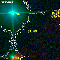 Black segments are analyzed here. Roll mouse over color images to view segments. Best viewed in a wide browser window (1200 pixels or more). Download SED & P(z) plots to view larger versions.
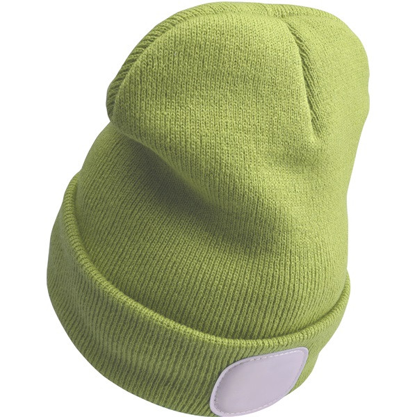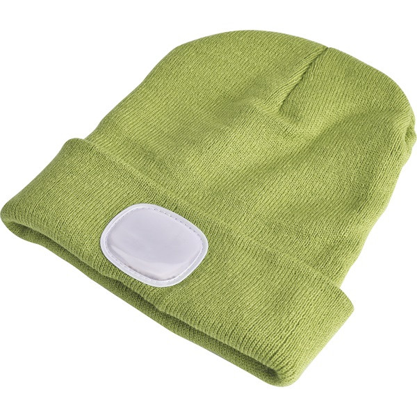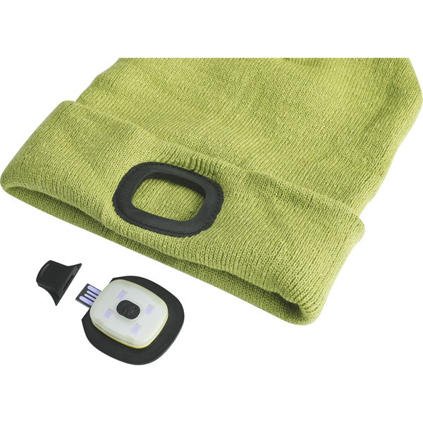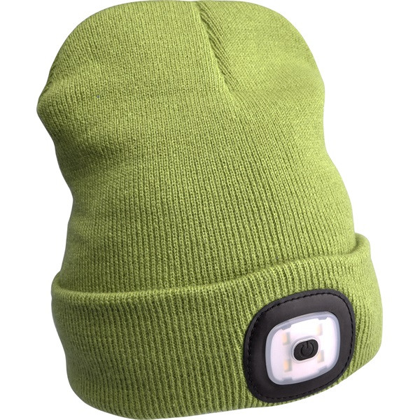 sapka, zöld, kötött, kivehető LED homloklámpával, 4×45 Lumen; USB tölthető Li-ion akku, 3 funkció (100%-75%-50% fényerő)
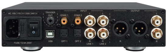 Wyposażenie w złącza na tylnym panelu jest bardzo dobre, tak jak i sama jakość gniazd. Brakuje jednak w przedwzmacniacza gramofonowego. Dwa cyfrowe wejścia współosiowe i dwa optyczne przyjmują sygnały PCM 24 bit/192 kHz, a złącze USB akceptuje 24/384 kHz, ponadto DSD256.
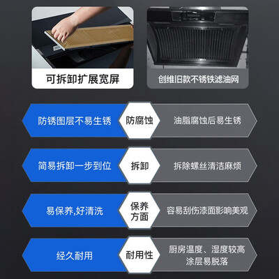 双层油网,提升风速,吸力大烹炒菜肴更畅快。不锈钢的面板,不仅易清洁还耐腐蚀不生锈,经久耐用好打理。
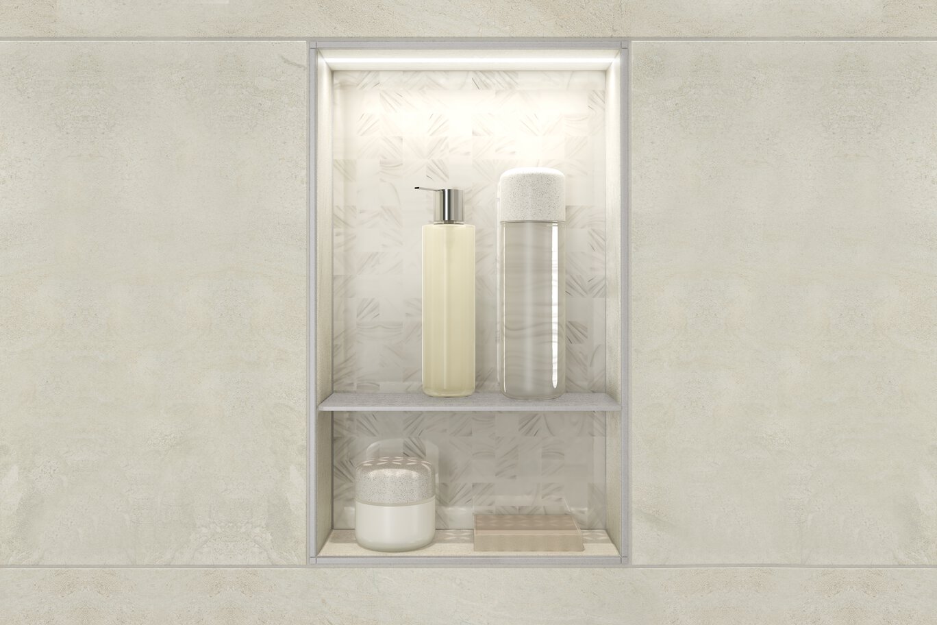 Schluter®-KERDI-BOARD-SNLT is a prefabricated shower niche made of KERDI-BOARD that incorporates a mounting profile with a diffused LED light strip. It features a pre-installed waterproof connection box to ensure the electrical connection is code-compliant. The KERDI-BOARD-SNLT niche can be installed in both KERDI and KERDI-BOARD wall assemblies. The shower niche features a 1/2" (12.5 mm) thick by 2" (50 mm) wide integrated bonding flange and is available in various sizes, with options for vertical or horizontal installation.

Action item: Retype, exactly and with no pictures, everything above from the line with "sapka, zöld, kötött, kivehető" down to the line with "双层油网,提升风速,吸力大烹", both included.

Answer box:
 sapka, zöld, kötött, kivehető LED homloklámpával, 4×45 Lumen; USB tölthető Li-ion akku, 3 funkció (100%-75%-50% fényerő)
 Wyposażenie w złącza na tylnym panelu jest bardzo dobre, tak jak i sama jakość gniazd. Brakuje jednak w przedwzmacniacza gramofonowego. Dwa cyfrowe wejścia współosiowe i dwa optyczne przyjmują sygnały PCM 24 bit/192 kHz, a złącze USB akceptuje 24/384 kHz, ponadto DSD256.
 双层油网,提升风速,吸力大烹炒菜肴更畅快。不锈钢的面板,不仅易清洁还耐腐蚀不生锈,经久耐用好打理。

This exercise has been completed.